En cualquier caso, estos conceptos del siglo XVIII, aunque sean la base de nuestro pensamiento y de nuestra visión de como ha de ser nuestra organización política y social, son difícilmente extrapolables a la sociedad actual. Los avances en las tecnologías de la información y la comunicación, las redes sociales y, especialmente, el poder que el Big Data confiere al Estado y a las grandes empresas, hacen necesario revisar el concepto de «contrato social». Recientemente, hemos asistido a grandes escándalos por la filtración de datos que empresas tecnológicas, como Facebook, han permitido, cuando no propiciado. Hace poco asistí a una conferencia que impartió Chema Alonso, responsable de Big Data e Innovación de Telefónica; el señor Alonso, un hacker que se ha pasado al lado oscuro, durante su intervención, se dirigió a los asistentes con la siguiente advertencia, en tono jocoso, por supuesto: «¿Acaso pensáis que por haber desactivado la localización GPS no sabemos que la semana pasada estuvisteis en ese sórdido local de Barcelona?»

Qué duda cabe el Big Data también tiene innumerables aplicaciones altamente beneficiosas: desde la prevención en la propagación de enfermedades, a la seguridad alimentaria o en la lucha antiterrorista y contra otros delitos.

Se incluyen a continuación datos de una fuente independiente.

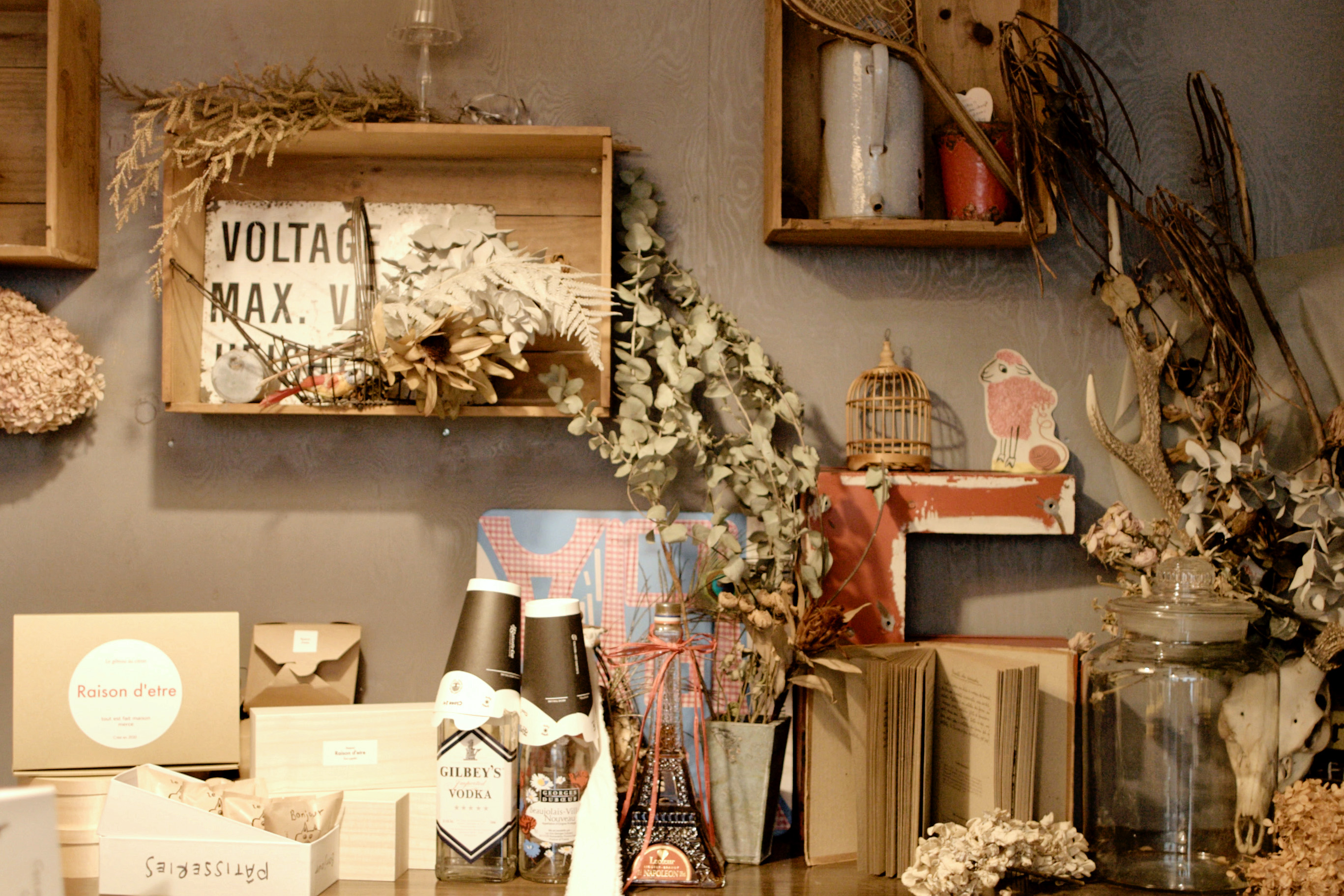 店舗はパリの街角に昔からある焼き菓子店をイメージし、パリから取り寄せたアンティーク雑貨をいたるところに飾り付けています。ご来店いただいたお客様に、パリにいるような雰囲気をお楽しみいただきたいと思います。
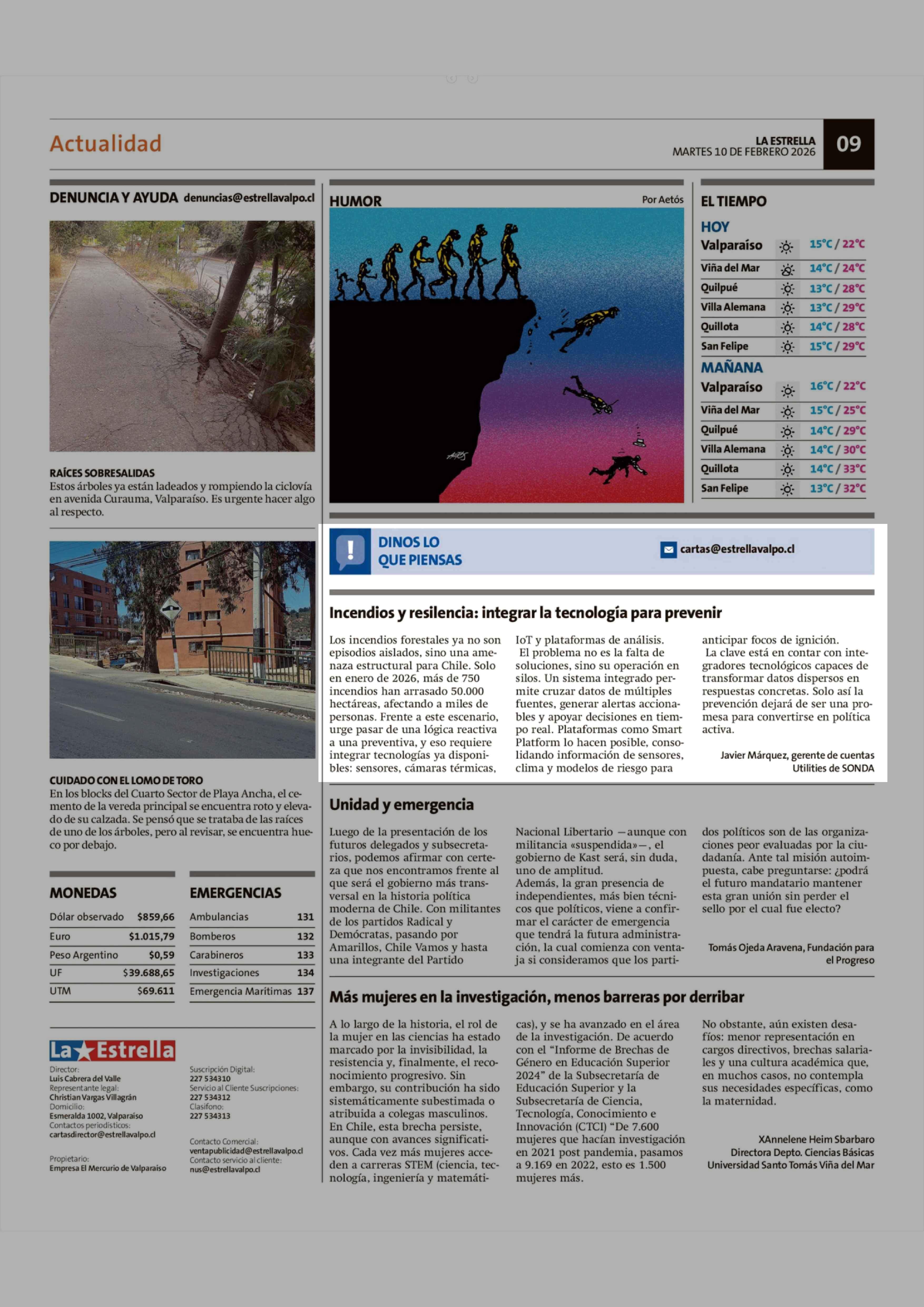 Cartas: Incendios y resilencia: integrar la tecnología para prevenir 10-02-2026 La Estrella de Valparaíso |

Pero también es cierto que a las personas que, como yo mismo, nos sentimos abiertamente liberales, ese inmenso poder puesto en manos del Estado nos crea cierto recelo. Saber la información que las administraciones, desde la central hasta nuestro Ayuntamiento de Elche, tienen sobre nosotros, pondría los pelos como escarpias a cualquiera. Bueno, a cualquiera no. Hay determinadas opciones políticas a las que les gusta controlar y uniformar la sociedad. En la Europa del Este lo saben bien; aquí algunos aún no se han enterado.